Ditzler, Gregory, and Robi Polikar. “Incremental learning of concept drift from streaming imbalanced data.” IEEE Transactions on Knowledge and Data Engineering 25.10 (2013): 2283-2301.

partial_fit(X, y, classes=None): Partial fitting

class strlearn.ensembles.DWM(base_estimator=None, beta=0.5, theta=0.01, p=1, weighted=False)

Bases: StreamingEnsemble

partial_fit(X, y, classes=None): Partial fitting

class strlearn.ensembles.KMC(base_estimator=None, n_estimators=10)

Bases: StreamingEnsemble

Wang, Yi, Yang Zhang, and Yong Wang. “Mining data streams: with skewed distribution by static classifier ensemble.” Opportunities and Challenges for Next-Generation Applied Intelligence. Springer, Berlin, Heidelberg, 2009. 65-71.

partial_fit(X, y, classes=None): Partial fitting

class strlearn.ensembles.KUE(base_estimator=None, n_estimators=10, n_candidates=1)

Bases: StreamingEnsemble

Kappa Updated Ensemble

ensemble_support_matrix(X): Ensemble support matrix.

partial_fit(X, y, classes=None): Partial fitting

class strlearn.ensembles.NIE(base_estimator=None, n_estimators=5, param_a=1, param_b=1)

Bases: StreamingEnsemble

Ditzler, Gregory, and Robi Polikar. “Incremental learning of concept drift from streaming imbalanced data.” IEEE Transactions on Knowledge and Data Engineering 25.10 (2013): 2283-2301.

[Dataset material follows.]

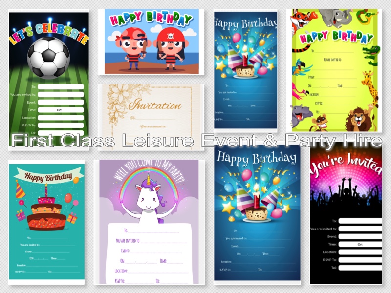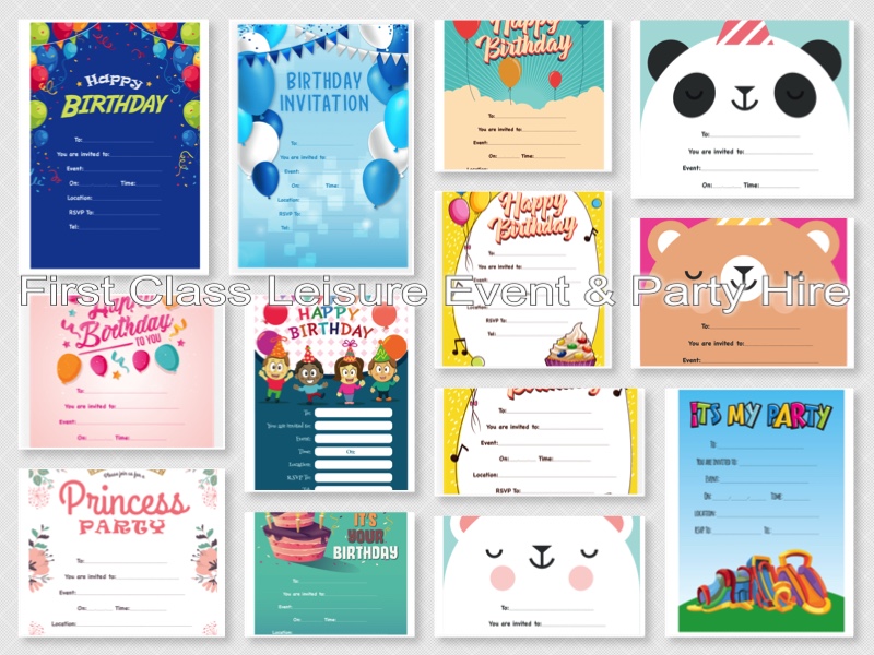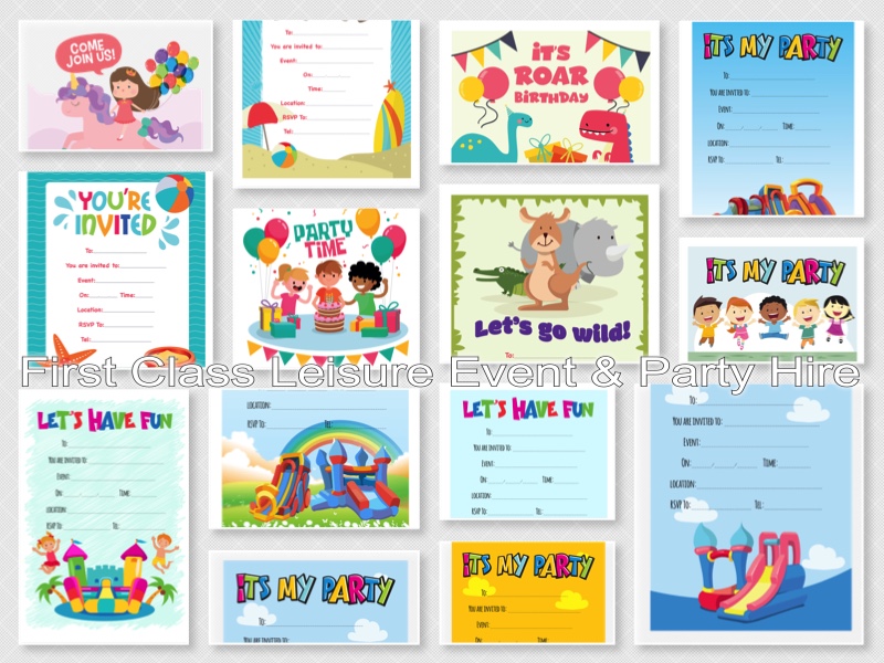 Book ANY equipment with First Class Leisure Event & Party Hire and use own FREE downloadable party invitations for your event. These ready to print invites are available FREE to download to your own computer (JPEG and PDF formats) so making it easy to print your own invitations and saving you lots of time and money.

ensemble_support_matrix(X): Ensemble support matrix.

partial_fit(X, y, classes=None): Partial fitting

class strlearn.ensembles.OOB(base_estimator=None, n_estimators=5, time_decay_factor=0.9)

Bases: StreamingEnsemble

Oversamping-Based Online Bagging.

partial_fit(X, y, classes=None): Partial fitting

class strlearn.ensembles.OUSE(base_estimator=None, n_estimators=10, n_chunks=10)

Bases: ClassifierMixin, BaseEnsemble

Gao, Jing, et al. “Classifying Data Streams with Skewed Class Distributions and Concept Drifts.” IEEE Internet Computing 12.6 (2008): 37-49.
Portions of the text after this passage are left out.